When it arrives at the actual interview, it’s usually about a particular subject. You’ll meet with the head of your chosen course and another college staff member for a more general discussion.


Upon my arrival for an interview, where may I stay?


The college where the interview will be held will give you a place to stay and food while you are there.


How should I dress?


You can wear whatever you require, but keep in mind that your outfit should be suitable for an interview. Wear something that creates you feel good about yourself and gives you peace of mind. It is important to remember that the candidate doesn’t have to look formal.


Should I bring something?


Depending on the course item you choose, you might be asked to bring something. Most of the time, these are copies of your schoolwork, which you said you would send when you applied. You might also want to bring a motivation letter since you are likely to be asked about it. Also, it will help to review what you already know before you meet with a member of the selection committee.


What exactly happens in the interview?


Specialized task


So, what does an interview at Oxbridge look like? First, it depends on which path you take. Most of the time, the academic part of the interview is made up of a conversation and a task that can be done in real life. For example, mathematicians might have to solve an equation, musicians might have to play a piece of music, and people who study ancient civilizations might have to translate and analyze a text they don’t know.


Flexibility evaluation


An interview like this gives the admissions committee a chance to judge the applicant. Still, it also allows the applicant to find out if the university is a good fit for him.
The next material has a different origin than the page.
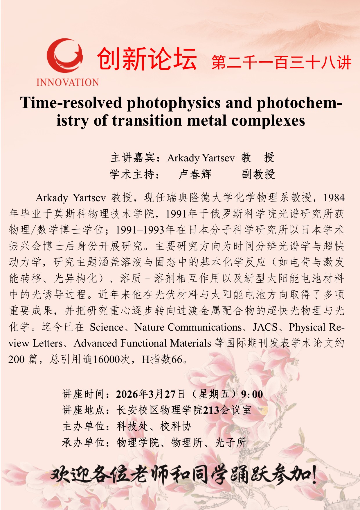 当前位置: 网站首页 > 讲座预告 > 正文 西北大学创新论坛第二千一百三十八讲:Time-resolved photophysics and photochemistry of transition metal complexes 浏览量:时间:2026-03-25

Also, it’s essential to know that Oxford and Cambridge have seminars or “mentoring” sessions that go along with the lectures.


The teacher or master of the course meets with small groups of students to talk about writing essays, study modules, and other training-related topics. At these kinds of meetings, people who want to talk to each other, debate, think critically and analyze, and come up with solutions that aren’t the norm are very welcome.


In some ways, the selection interview is like one of these sessions, and it gives the members of the commission an idea of how well the candidate will be able to adapt to this way of learning and Oxbridge in general.


The interview is just one part of a more extensive evaluation


But don’t forget that the interview is just one of the steps in the process. When you walk into the college, the staff and teachers will already know what they think about you based on the documents you brought with you. So, your job is to either strengthen the good impression or get rid of the bad one.